# Package Indexing
## Indexing Hex.pm
`mix exograph.index.hex` is the primary way to index Hex packages. It downloads
tarballs, extracts them to a temp directory, indexes them, and cleans up.
mix exograph.index.hex --mode latest --concurrency 8 --prefix hex
For a live dashboard during the run:
mix exograph.index.hex --mode latest --concurrency 8 --web --port 4200
Open `http://localhost:4200/progress` to watch per-package status, rate, and ETA.
### Scale
On a full Hex.pm run with `--mode latest`:
| Metric | Value |
|--------|-------|
| Packages indexed | ~21k |
| Fragments | 13.8M |
| References | 35M |
| Database size | ~34 GB |
| Time (8 workers) | ~28 minutes |
### Modes
| Mode | Description |
|------|-------------|
| `latest` | Most recent version of each package |
| `top --limit N` | Top N most-downloaded packages |
| `all` | Every published version |
### Streaming pipeline
Each package follows: download tarball → extract to tmpdir → index → cleanup.

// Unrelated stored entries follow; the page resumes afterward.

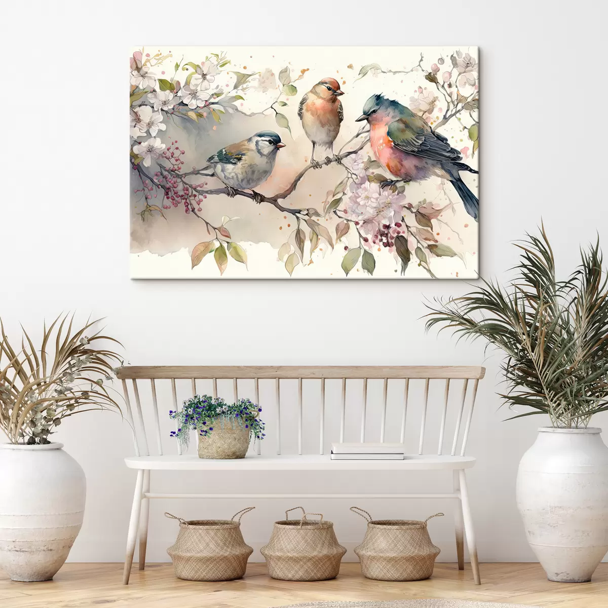 Obraz Vícebarevní ptáci na větvi kvetoucího stromu Č. s34490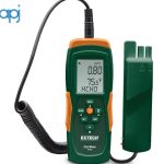 The Extech FM200 is a handheld Formaldehyde Meter with a detachable probe. This meter simultaneously displays formaldehyde (CH₂O) concentration, air temperature, and relative humidity readings on a large, LCD backlit display. The FM200 features CH₂O calibration function in fresh air, min/max, data hold, auto power off, and low battery indicator functions. Comes complete with a soft tube, sensor with a 64 cm (2.1 ft) cable, 6 AAA batteries, user's manual, and a carrying case.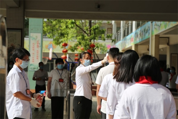 安全保衛(wèi)組老師先將入校通道進行消毒,接著和值日老師引導(dǎo)學(xué)生按指定專屬通道排隊,學(xué)生前后保持一米距離,有序進入測溫區(qū),入校通道上按照一米的間隔貼著地貼,學(xué)生踩著地貼排隊等待,檢測組老師對學(xué)生依次進行全身消毒,并進行體溫檢測,體溫正常的學(xué)生迅速按指定通道入校。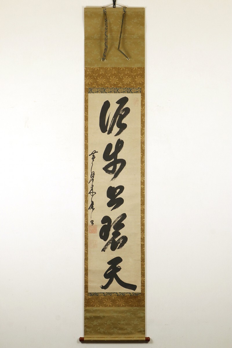 - 【真作】掛軸「木庵性瑫 泥牛上碧天 一行」江戸前期 書 渡来禅僧 黄檗三筆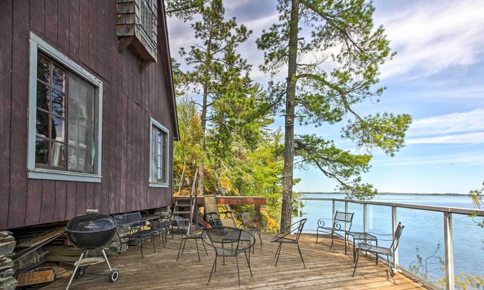 Hop aboard a boat and venture to the secluded 3-bedroom, 1-bath vacation rental cabin in Stop Island near International Falls! This rustic retreat boasts a furnished deck, a wood-burning fireplace, a boat dock, and a sandy beach. Go island hopping by canoe, fish for bass on-site, and finish the day by watching the Northern Lights from the comfort of the front deck! Book your extended stay now!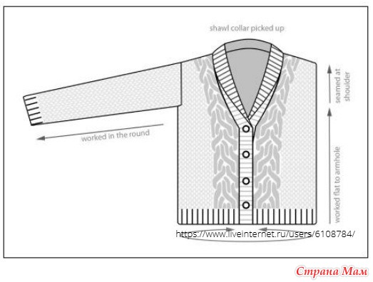 Рекомендуется использовать длинные круговые спицы для тела и планок для пуговиц, и предпочитаемые спицы для вязания небольших окружностей для рукавов.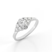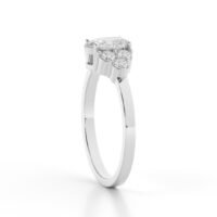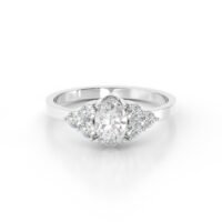 This design fuses classic luxury with contemporary flair. The oval diamond elongates the finger for a flattering look, while the clustered side stones add depth and fire to every movement. Made with eco-conscious lab-grown diamonds, it’s a meaningful choice for the modern romantic.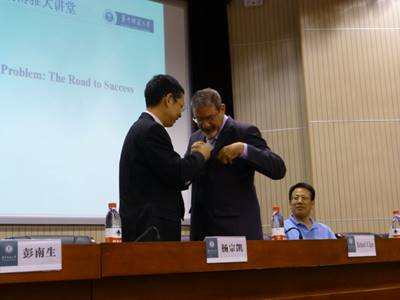 伴随着华师学子热情激动的掌声,Richard N. Zare教授佩戴着杨宗凯校长亲手赠予的华师徽章出场。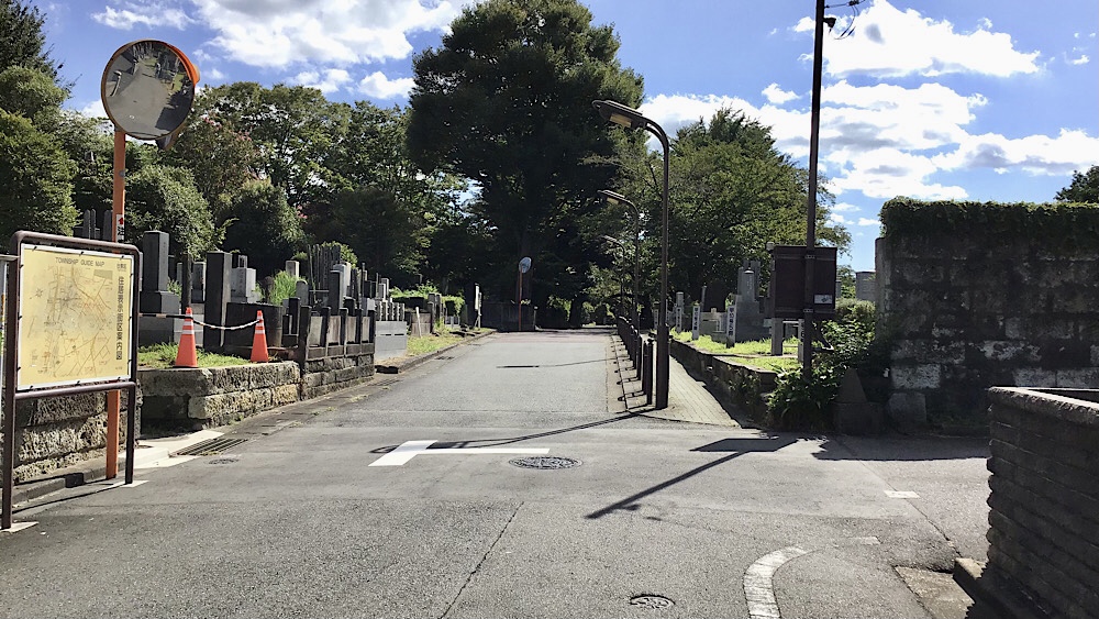 前方に進むと江戸時代には上野の寛永寺のあたりまで長い道が続いていたようですが、この先は霊園なので今回はここで引き返すことにします。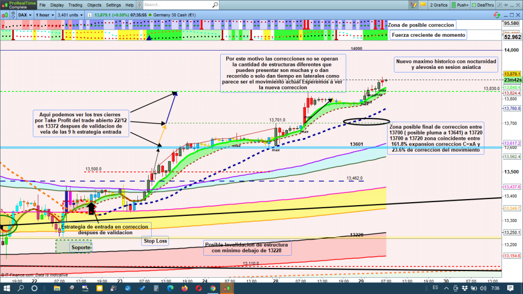 En gráfico de 4 horas del dax30, nuevo máximo histórico del dax, y atención a la zona en la que estamos en pre apertura, ya que con el testeo de ayer por la mañana a la zona del 13829, tuvimos una corrección pero completamente lateral sin apenas recorrido correctivo, aunque como comentaba en algún párrafo anterior según Gann, cuanto más tiempo tarde en hacerse una corrección, más pequeño será el recorrido de la misma, y esto es calculable matemáticamente, más concretamente es la base de mi túnel Domènec, una mezcla de los cálculos de Elliot para el cálculo de las posibles zonas de corrección, más toda la teoría de Gann, con la participación de la variable tiempo. Sin embargo, podría haber sido solo una pequeña corrección y ahora venir a corrección de la última estructura del movimiento, la respuesta es muy posible que la tengamos a las 9 h con la apertura del parquet de Frankfurt. En caso de cierre de esta vela actual de 4 horas, por debajo de 13873, será muy probable una corrección de nuevo a la zona del 13780 a 13720, con posible pluma por debajo de esta zona incluso con posibilidades de volver a visitar 13601, aunque si nos fijamos en la fuerza del impulso y las correcciones solo laterales realizadas hasta ahora, no se ve muy probable.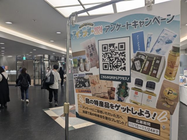 さて!会場内も2~3周して見落としが無いことを確認したので、そろそろ退場します。出口では、スマホで回答するアンケートを開催!これ、応募すると島の特産品がランダムで届くという楽しいキャンペーン。当選確率はけっこう高いので、ぜひチャレンジしてみてください~!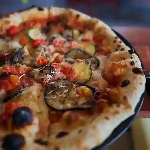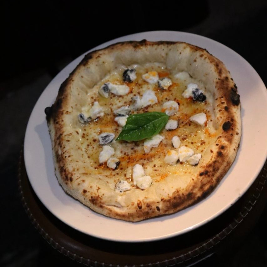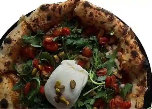 Pomodoro, mozzarella, alcachofa, queso de cabra, pecorino, jitomate deshidratado y aceite de trufa blanca.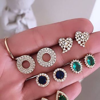 victoria’s vogue 2021 Blue Green Crystal Water Drop Leaves Flower Geometry Earring Set For Women Fashion New Vintage Earrings Jewelry Gift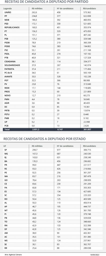 O União lidera as receitas de campanha para Câmara dos Deputados, com R$ 262,6 milhões declarados por 458 candidatos. A média de receita é de R$ 573 mil por deputado. Em seguida, os partidos que mais investiram na campanha para deputado federal são o PP (R$ 234,8 milhões), MDB (R$ 180,3 milhões), PSD (R$ 172,1 milhões), Republicanos (R$ 160,5 milhões), PT (R$ 156,3 milhões), PL (R$ 151,1 milhões) e PSB (R$ 125,2 milhões).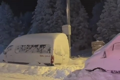 Uludağ'da bulunan ayılardan bazıları, kış uykusuna yatmayı unuttu. Gece saatlerinde yiyecek aramak için oteller bölgesine kadar inen ayıları, bir vatandaş fark etti.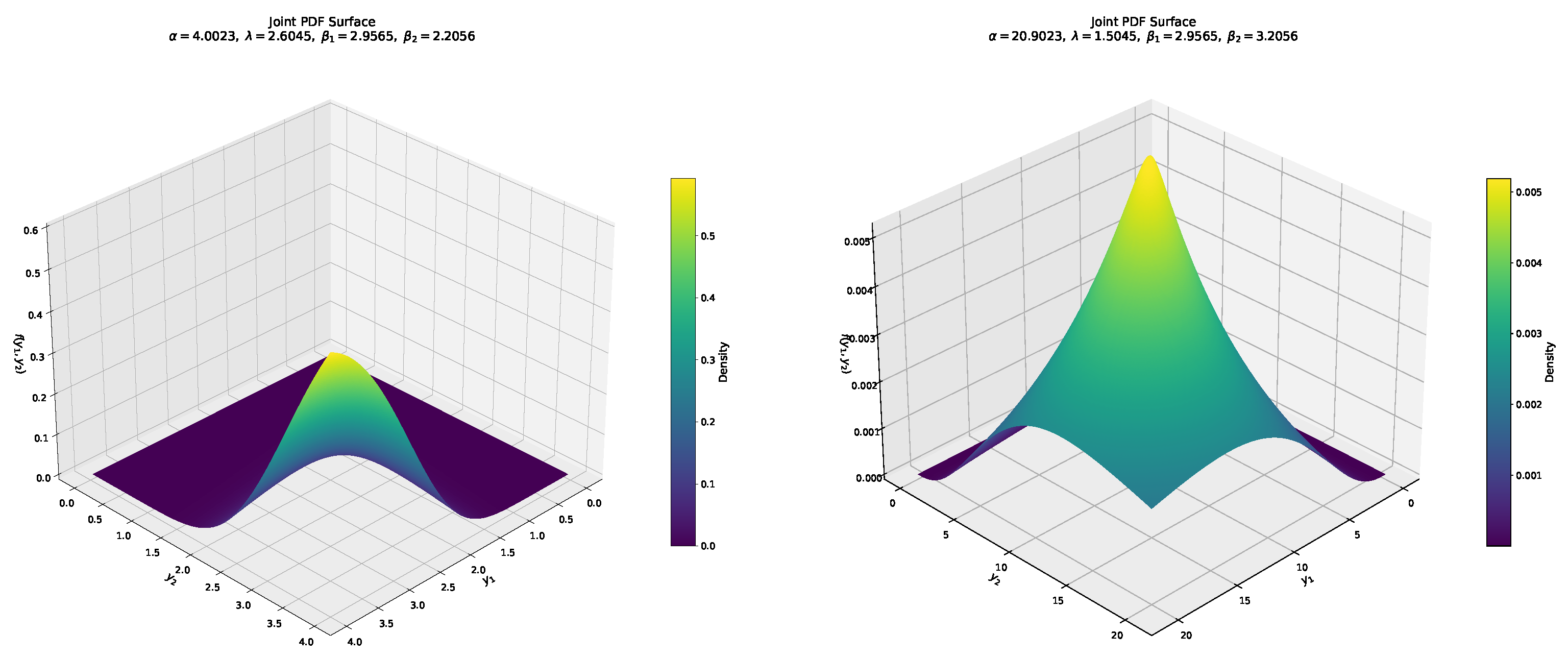 - Generalized dependence structures: Although this paper used a shared exponential kernel through , extensions to alternative dependence mechanisms (e.g., Farlie–Gumbel–Morgenstern or Archimedean-type kernels) could adapt the model to different correlation profiles.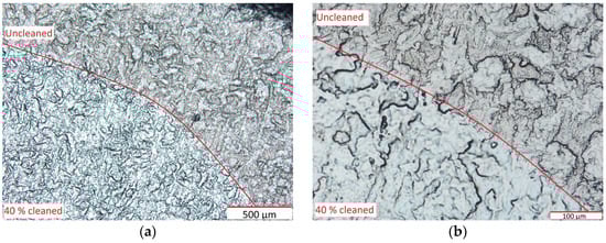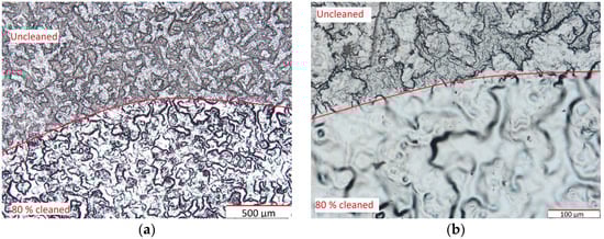 Boundary of the cleaned surface with ×50 (a) and ×200 (b) magnification for 80% laser cleaning power.

Peak disk usage is `concurrency × (largest package tarball)` — typically a few
hundred MB regardless of total corpus size. Non-Elixir packages (no `.ex` files)
are detected before disk write and skipped.
### Resume behavior
Already-indexed packages (matched by name+version) are skipped automatically.
Use `--force` to re-index everything.
### Mirror balancing
Multiple `--mirror` flags distribute downloads round-robin:
mix exograph.index.hex \
--mirror https://repo.hex.pm \
--mirror https://repo.hex.pm/mirror \
--concurrency 16
### Caching tarballs
Pass `--cache-tarballs DIR` to keep downloaded tarballs on disk. On subsequent
runs, already-cached tarballs are not re-downloaded.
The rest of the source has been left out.